共に店を切り盛りする、孫の康二郎さんと

気軽に薬剤師へ相談してほしい

読者の皆さんなら覚えていらっしゃるかもしれませんが、昭和の頃の薬局は、調剤室に「感冒薬」とか「整腸薬」とか書かれた瓶がずらりと並んでいましたでしょう。そこへお客様がいらして、「夏風邪をひいたみたい」とおっしゃると、私たち薬剤師がいろいろと症状をお聞きして、何種類かの感冒薬のなかから、「喉の痛みにはこれ、鼻水にはこれ」と、それぞれ分量を計って調剤していました。

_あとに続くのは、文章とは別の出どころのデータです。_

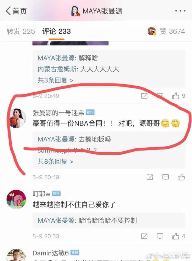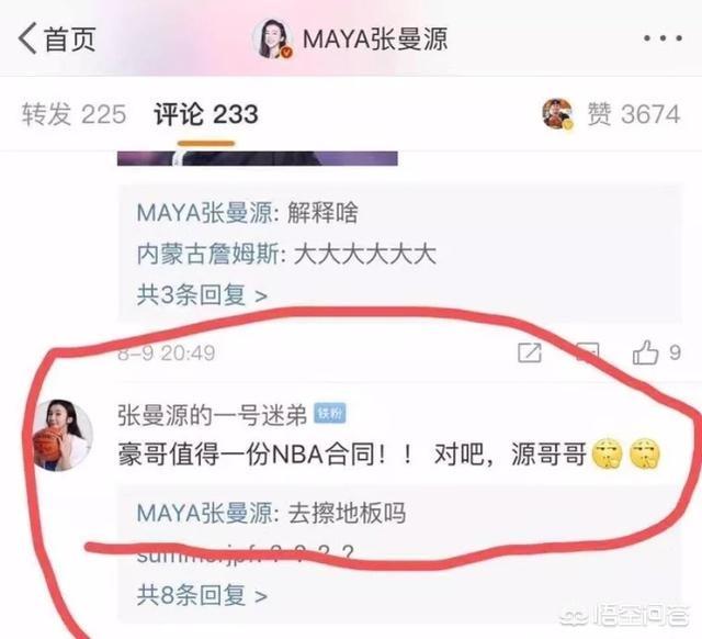 8月9号,张曼源的一条微博瞬间炸开了锅,因为她这条微博公开diss林书豪。有球迷问她:豪哥值不值得一份NBA合同?谁也没想到她竟然回答:“去擦地板吗?”

それを薬包紙という薄いパラフィン紙に服用1回分ずつ包み、「3日4日飲んで、思わしくないようならまた来てくださいね」とお伝えして渡します。もし熱でも出てきたら、「お医者さんに行ってください」とアドバイスをするというかたちでした。

昔はちょっとした不調なら薬局で相談を受けていたものです。今はまず病院に行って処方箋をもらって、それから薬局で調剤を受けなければならないから手間がかかる。病院ではお医者さんも忙しいので、あまり詳しくご相談もできないことが多いと思います。

その点、私たちのような地域の薬局はお客様と親しくお話をしながら、いろいろな健康の悩みをお聞きすることができる。長年のお付き合いで、その方の体質などもわかったうえで薬の飲み方や食生活のアドバイスもできますしね。

ヒルマ薬局では、この頃は見かけなくなった薬局製剤(薬剤師の判断で調合できる処方)もご用意しています。それを目当てに来てくださるお客様もたくさんいらっしゃるんですよ。通りがかりにお店の外から、「このあいだはありがとう、すっかりよくなったわ!」なんて声をかけてくださると、嬉しくなります。本当にやりがいのある仕事です。

お薬についてわからないことや気になることがあったら、気軽に薬剤師へ相談してほしい。「夏バテかしら」でも「最近疲れやすくて」でもいいのです。何でも話せる「かかりつけ薬剤師」を持つことも、大切な健康管理の一つではないでしょうか。